Should I just kiss this one off, or can someone recommend something?
Finally a thread that makes sense today. In fact It's priceless...I like your last option. Personally, I would tell her off but shes your neighbor. She's asking you to do her a favor and telling you the rules. Thats about three maybe four seconds in my playbook. Because the clue is there. She's got the PICTURE in her mind and no matter what you do it won't be the PICTURE her imagination see's.
You will wind up like that cat only he's capable of licking his balls for entertainment. This is really a very simple shot. Several ways to do it.
1) One involves a cattle prod, the only problem I'm debating as whether cattle prod the neighbor into some common sense or cattle prod the cat into glowing colors then shoot by daylight.
2) Hand her a black piece of children's construction paper with the word "cAt" spelled on it and tell her her cat came out beautiful. Take her money and run to the nearest bar and have a few.
3) Call the ASPCA and have her committed. She obviously has a thing going with the cat. With her gone approach the cat with a pair of scissors. He'll cooperate.
4) OK , I'll get serious. You will need some gauze cloth, a goodly amount to drape the window so as to make a tent around the backdrop holding the velvet up and back to the window. You are tenting the cat. Using the directional light which will only light up lint, dander and dust. You want light coming in through the window and then diffused enough to balance the picture so that should give you enough definition between the black of the velvet and the cats cherished fur coat and his studded balls.
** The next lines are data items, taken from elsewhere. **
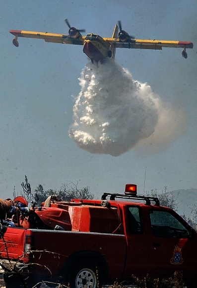 Hasičské lietadlo vypúšťa vodnú smršť na horiaci porast 60 km od hlavného gréckeho mesta Atény. Práce na hasení komplikuje 150 hasičom najmä silný vietor. Foto: SITA/AP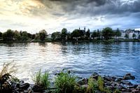 Vanaf de oever aan De Maas, nabij de Hoge Brug met zicht op De Helpoort: Vesting Museum Maastricht. Vlak voor zonsondergang hebben de wolken links in de afbeelding een warme kleur (geel) en aan de rechterkant een koele (blauwe) kleur.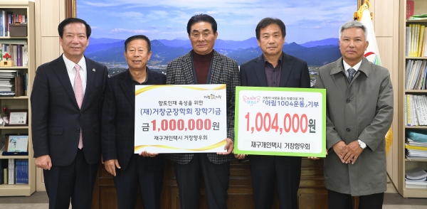[금요저널] 거창군장학회는 21일 재구개인택시 거창향우회가 장학금 100만원과 아림1004운동 후원금 100만 4,000원, 박현보 거창80번택시 대표이사가 장학금 300만원, 거창오리영농회가 장학금 300만원을 각각 기탁했다고 밝혔다.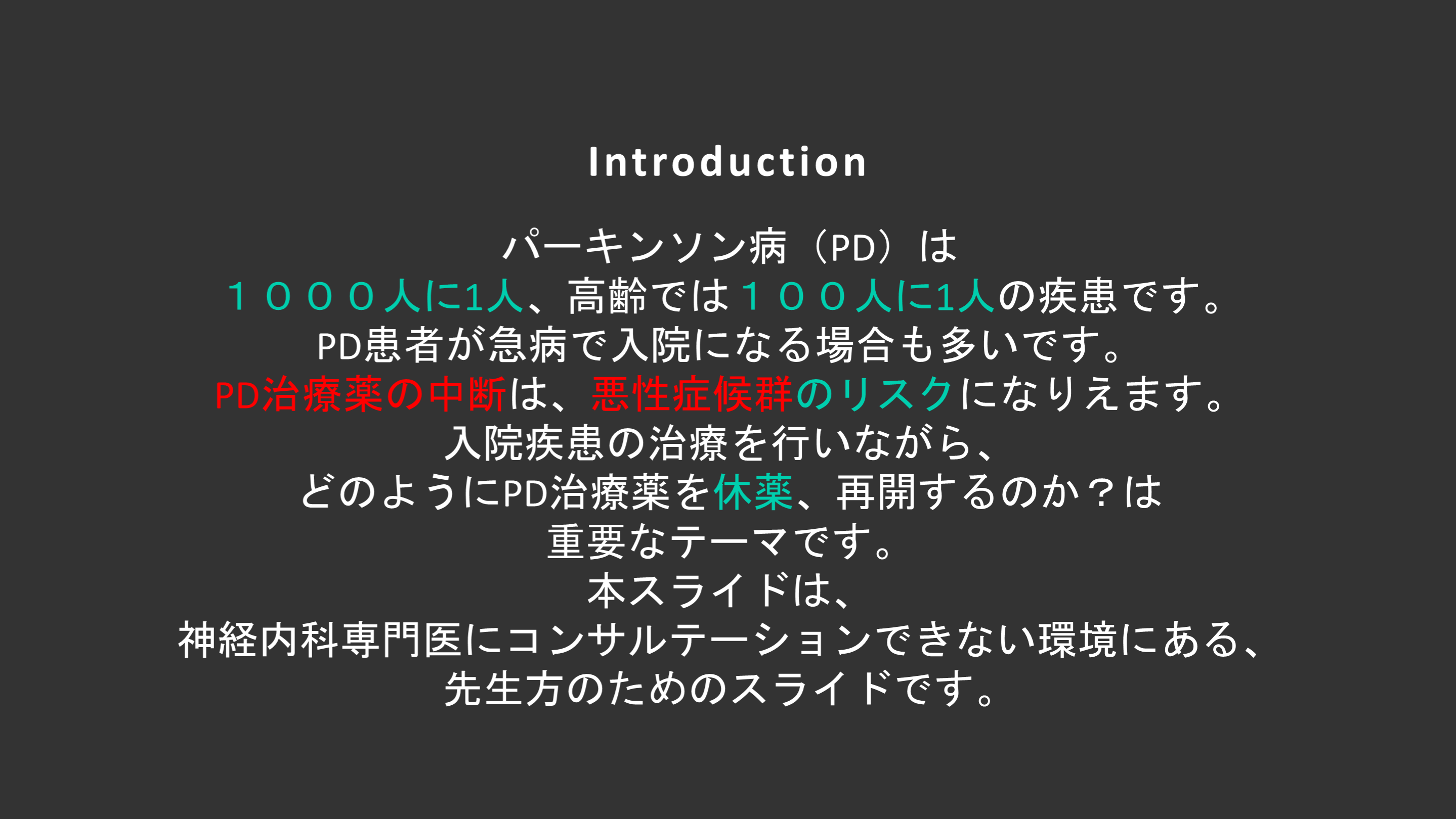 Department of Neurology, Shonan Kamakura General Hospital parenteral administration of antiparkinsonian drugs パーキンソン病治療薬の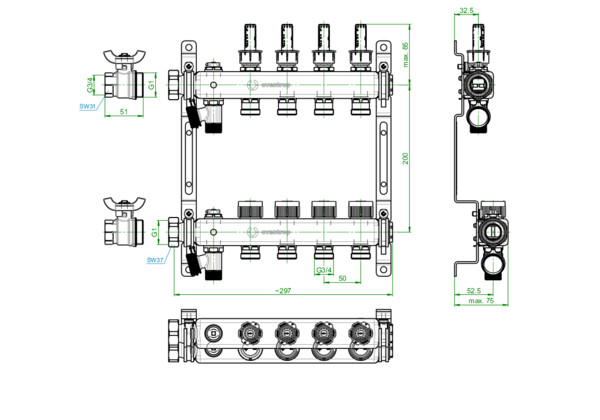 OVENTROP-Edelstahlverteiler 0-5 l/min., für 4 Kreise

When you get two objects the same color you use texture and diffusion to seperate them. We use this technique with long time exposures, actually using moonlight on one with IR film at 4 am on fake old paintings that may be suspect to being alteered. It shows the layers of paint. This will be quite a long exposure, so tire the cat out by just bringing a Bull Mastiff over. Let them play for a while Again this will be a long exposure in time so be patient with the cat.
I really really wish you luck, but it's funny because we gave no consideration as to what the cat thinks of this whole deal. That could turn out to be a whole new thread. They got their own minds.